The study found that rent control policies had multiple negative long-term implications on the supply of quality housing.
Rental housing providers do not passively accept the burdens imposed by laws. To counteract these mandatory subsidies they in many cases converted properties to condos, converted them for private use, or in some cases allowed properties to fall into disrepair as a means of recouping the subsidy they were required to pay. Associated with this was a 15% reduction in the rental supply of small multifamily properties which in the long term led to rent increases and reduced affordability.
This shift in housing types attracted higher-income households which only further accelerated gentrification and worsened income inequality in the city. Vacant units in rent-controlled buildings attracted new residents who on average had a household income that was 18% higher than those in non-rent-controlled buildings. This further suggests that rent control promotes gentrification and worsens affordability in the long run.
Rent control ultimately led to a housing stock which caters to higher-income individuals - Diamond, et al.
Another interesting result of rent control was the reduced mobility associated with those living in rent-controlled units. The study found that there was a 20% increase in the likelihood of households remaining in their units or within the same city in the long term. While this may offer some benefits by ensuring that households aren't displaced it also has negative implications. The households remaining within their units or communities are forgoing potential opportunities and limiting their future options by remaining in place.

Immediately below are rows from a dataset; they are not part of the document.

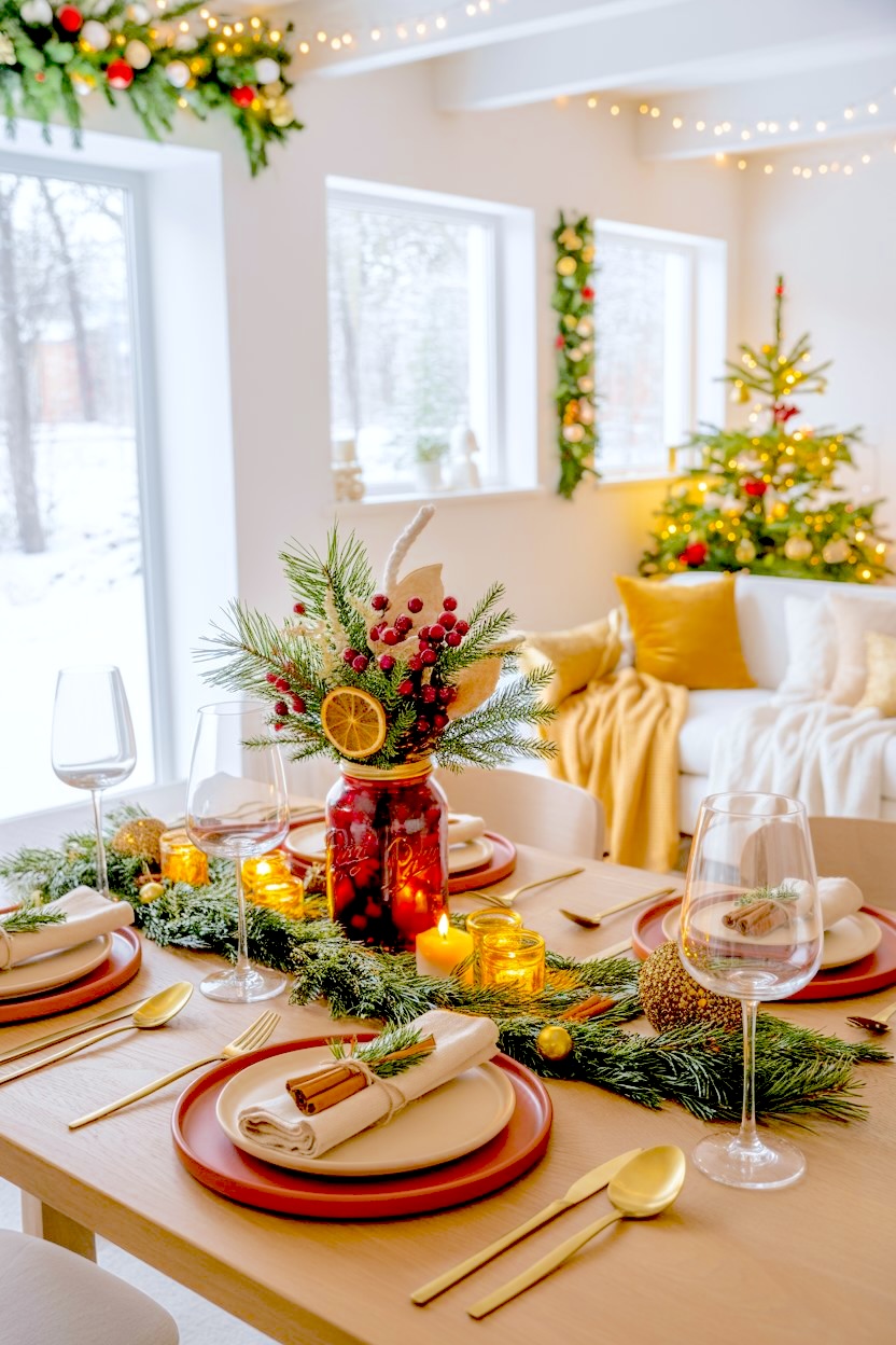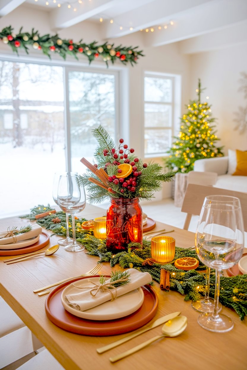 ・Farmhouse Glow DIY: The Prettiest Mason Jar Christmas Table Centerpiece You Can Make in Minutes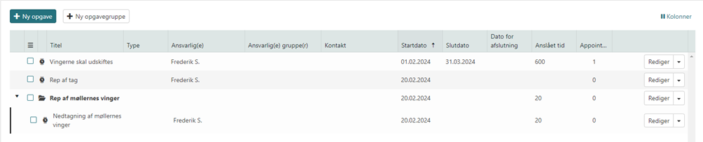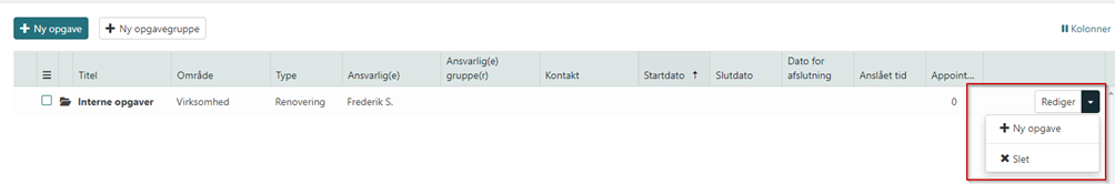 Klik rediger på den oprettede opgave eller dobbeltklik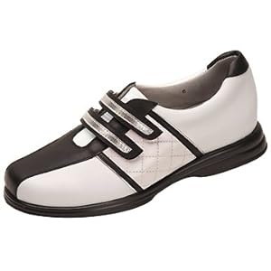Product Description : Asymmetric toe box design with contour fit tapered through the heel and arch. Leather. Two-density polyurethane soles, steel shanks, built in orthotic. Velcro closure.

In the long run, any initial benefit is undone as the supply and quality of housing decline dramatically, effectively trading today's benefits for higher prices tomorrow.
Rent controls end up being a better political tool to win an election by giving benefits to tenants; than an economic mechanism to improve housing within a market. Ultimately it doesn't address the root cause of affordability or supply and instead applies a temporary solution to a long-standing problem. Those who got in sooner benefit the most, while those entering the housing market later have to contend with a smaller supply of lower quality housing, at an accelerating price.